Skin microorganisms can contact and modulate immune cells directly when the epidermal barrier is disrupted, such as after UV-induced injury. Ultraviolet radiation damages keratinocytes, increases permeability of the stratum corneum, and induces the release of antimicrobial peptides and alarmins (e.g., LL-37, HMGB1) that recruit and activate Langerhans cells, dermal dendritic cells, and resident T cells (41, 54). Barrier compromise facilitates translocation of commensal or opportunistic microbes, or their components such as lipoteichoic acid, peptidoglycan, and LPS, into deeper epidermal and dermal layers, where they engage pattern recognition receptors (TLRs, NOD-like receptors) on skin-resident immune cells (55, 56). This can initiate local cytokine cascades (IL-1β, TNF-α, IL-17) that shape the TME toward either immune activation or tolerance, depending on the microbial context. In melanoma-prone skin, repeated UV exposure may therefore amplify microbe–immune interactions, influencing melanocyte transformation and tumor progression.

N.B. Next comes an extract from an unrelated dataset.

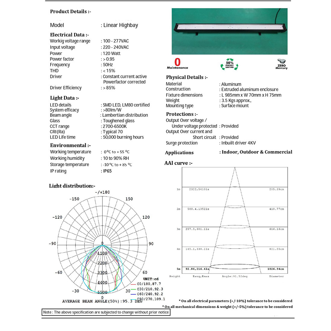 SUPERSCAPE 120 watt 39 inch Linear High bay light with glass.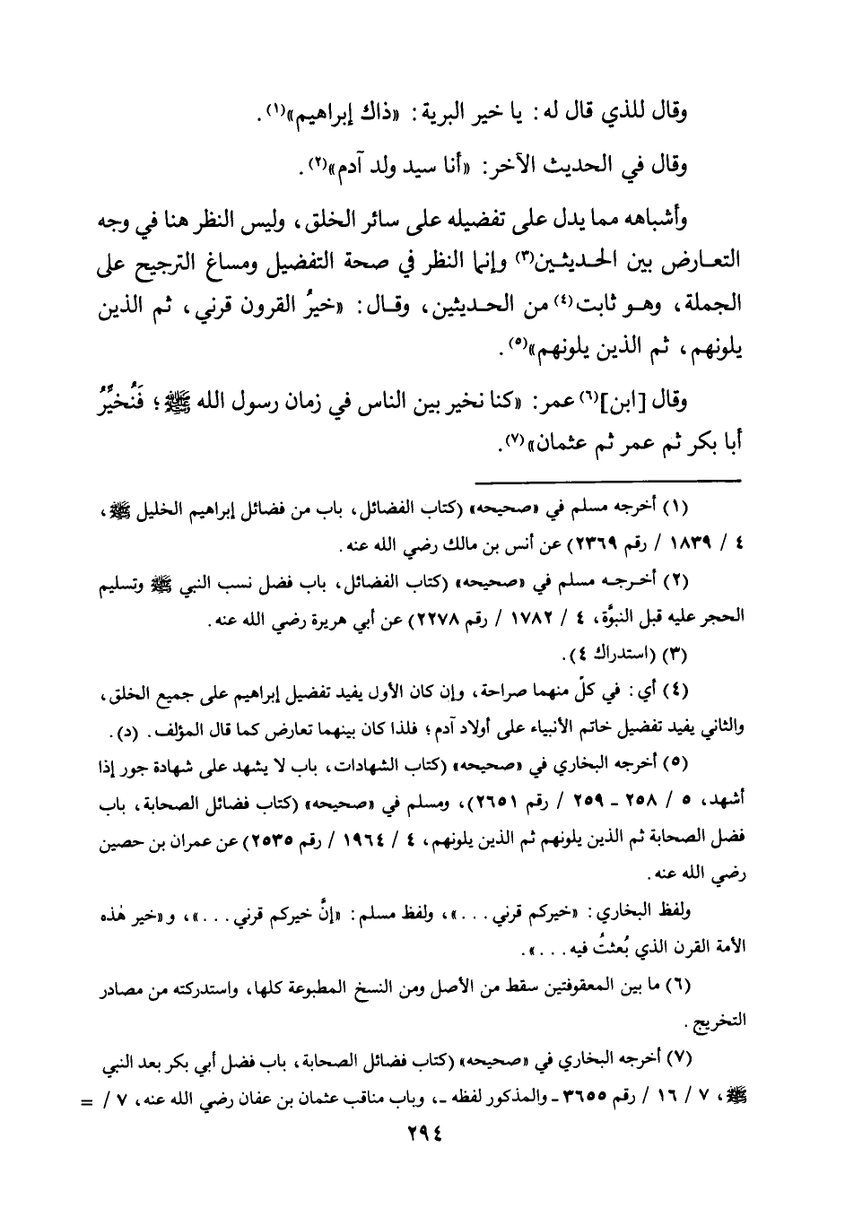 وَأَشْبَاهُهُ مِمَّا يَدُلُّ عَلَى تَفْضِيلِهِ عَلَى سَائِرِ الْخَلْقِ، وَلَيْسَ النَّظَرُ هُنَا فِي وَجْهِ التَّعَارُضِ بَيْنَ الْحَدِيثَيْنِ3 وَإِنَّمَا النَّظَرُ فِي صِحَّةِ التَّفْضِيلِ وَمُسَاغِ التَّرْجِيحِ عَلَى الْجُمْلَةِ، وَهُوَ ثَابِتٌ4 مِنَ الْحَدِيثَيْنِ، وَقَالَ: "خَيْرُ الْقُرُونِ قَرْنِي، ثُمَّ الَّذِينَ يَلُونَهُمْ، ثُمَّ الَّذِينَ يَلُونَهُمْ" 5.

Moreover, persistent inflammation driven by skin-resident microbes reshapes the TME, favoring infiltration by immune cells that may paradoxically support tumor growth. These cells secrete growth factors and immunosuppressive molecules that aid tumor survival rather than eradication (54). Notably, microbial profiling in melanoma patients has revealed increased abundance of Fusobacterium and Trueperella, suggesting a specific microbiome signature associated with the disease (57). In addition, several bacterial species can directly modulate Langerhans cell (LC) function. For example, Staphylococcus aureus produces α-toxin, which has been shown to downregulate co-stimulatory molecule expression, such as CD80 and CD86, and MHC II on antigen-presenting cells via IL-10–mediated immunomodulation (58). Cutibacterium acnes engages TLR2 (and potentially TLR4) on skin immune cells, including LCs, leading to production of pro-inflammatory cytokines such as IL-1β and IL-12, driving Th17 differentiation and chronic inflammation (59). LCs are known to express TLR2, making them responsive to C. acnes components (60). F. nucleatum, while more studied in colorectal cancer, is recognized as an immunomodulatory microbe that can promote IL-10 production, suppress cytotoxic immune activity, and create a tumor-promoting microenvironment (61). TLR2/TLR6 signaling, relevant for bacteria like Trueperella spp., can induce tolerogenic or pro-inflammatory responses depending on duration and context, potentially reprogramming LC responses toward immune tolerance (62). Collectively, these microbial interactions can impair antigen presentation by LCs, skew cytokine profiles (e.g., toward IL-10), reduce co-stimulatory signals, and foster a microenvironment favoring immune evasion and melanoma progression.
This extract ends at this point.